Hubris may get the better of some practitioners, ignoring caution and ‘giving it a shot’ when they don’t have the experience. For example, a one-day training course may have left them ill-prepared not just technically, but also for selecting patients appropriate for the procedure. Likewise, they may have treated a similar area and think that they will be skilled in another area or may have observed a treatment and feel comfortable in replicating this. I believe that treating patients in these circumstances is not going to do anyone’s business any good. It’s likely to lead to dissatisfied patients and poor outcomes, both of which will have substantially negative consequences for business compared with the immediate win of a few hundred pounds gross margin. Many of us in this specialty would agree that an unhappy patient is a reputational landmine.
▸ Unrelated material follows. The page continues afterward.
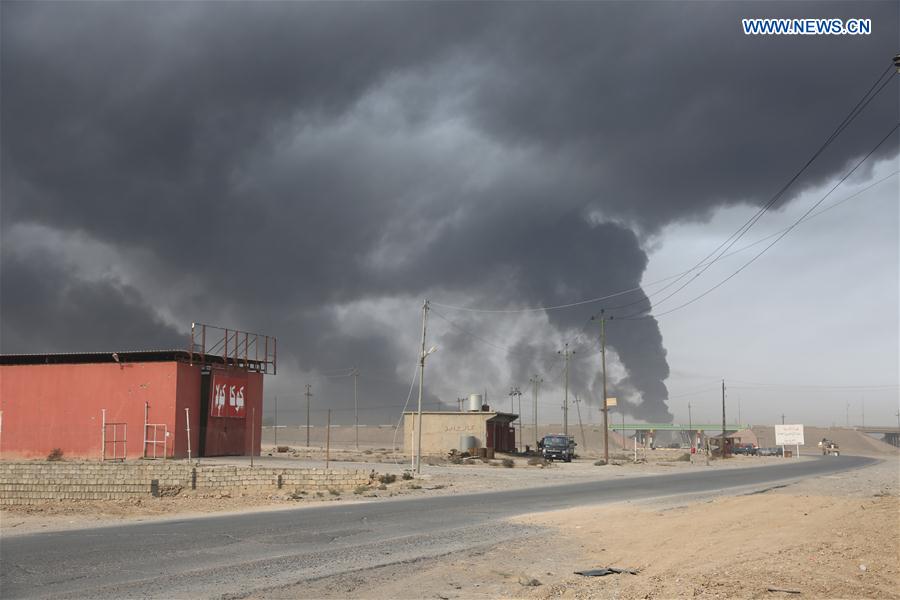 Photo taken on Oct. 17, 2016 shows the heavy smoke rising from oil wells which were destroyed by the Islamic State militants in Qayyarah, southern Mosul, Iraq. Iraqi Prime Minister Haider al-Abadi announced early Monday the beginning of a major offensive to retake the second largest Iraqi city of Mosul from the Islamic State (IS) group. (Xinhua/Liu Wanli)
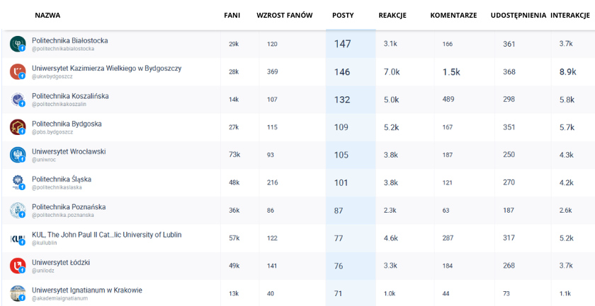 Niektóre profile uczelni wyższych były bardzo aktywne, publikując nawet ponad 100 postów w styczniu. Liderem pod tym względem okazała się Politechnika Białostocka, która opublikowała ich aż 147, ale uzyskała jedynie 3,7 tys. interakcji.

According to a report by customer experience research company, the Temkin Group, after a good experience, 23% of people are likely to tell their friends. After a bad experience, this rises to 32% and the failure to manage negative outcomes can result in reputations being left in tatters.5 Bad publicity is simply more virulent than good publicity and can leave lasting damage to businesses.6

The solution

The solutions are easier said than done, as most will mean sacrificing immediate income for the sake of the long-term gain. Just remember, quick wins don’t build an Empire; meticulous planning, intensive training and careful execution do.

In my opinion, mentorship can significantly reduce risk whilst improving skill level. This is widely accepted in every branch of medicine and dentistry, however it is only recently coming to the fore in aesthetics. With that in mind, there are currently a number of associations that are offering these schemes and something that I would advise looking into. With a good mentor, practitioners can treat cases in their own setting, improve their skills and retain business.

I believe that the interplay between clinical ability and case selection can be rehearsed with an appropriately experienced guide, leading to fewer complications due to inappropriate treatment. A good mentor is not one who takes cases away from budding clinicians, but one who supports, guides and develops. I think I speak for most experienced colleagues when I say that I’d rather mentor practitioners to improve skill and avoid complications than to have to receive the referrals when they’ve gone wrong due to inexperience.

It takes an enlightened practitioner to refer to someone else because the patient’s needs are beyond their scope of practice. In my opinion, it shows honesty and integrity as a practitioner. A recommendation against your interests and to someone outside your business creates an enormous amount of emotional capital and these referred individuals will value your honesty and not only refer their friends to you, but, in my experience, will likely return to you at some point.7

Proud of ‘no’

It’s ok to say no; after all, aesthetic treatments are largely elective and not having a treatment never hurt anyone. Reputationally, I would say that it’s actually better to be known as the practitioner who says ‘no’. Patients trust people who demonstrate authority and follow their suggestions. This is because it shows confidence, strong clinical judgement and creates credibility in the eyes of patients.8 In my personal experience, my patient base has been shaped as a result of me saying no and the patients that I do treat have become great ambassadors of my brand. I can also sleep at night knowing I am causing no harm.


In few other medical disciplines do patients dictate so much to professionals; it’s a problem endemic to aesthetics. It’s degrading and commoditising aesthetic medicine. I think that it’s time practitioners think about what direction our industry is heading in, and help correct the course of patient perception to a more favourable and safer path.

There is no reason why aesthetics should be any different to other branches of medicine. Practitioners should always stand their ground on what they believe is ethical, appropriate and defensible. They should be empowered to decline patients for treatment under suitable circumstances. I believe that the long-term benefits of saying no outweigh the short-term financial rewards.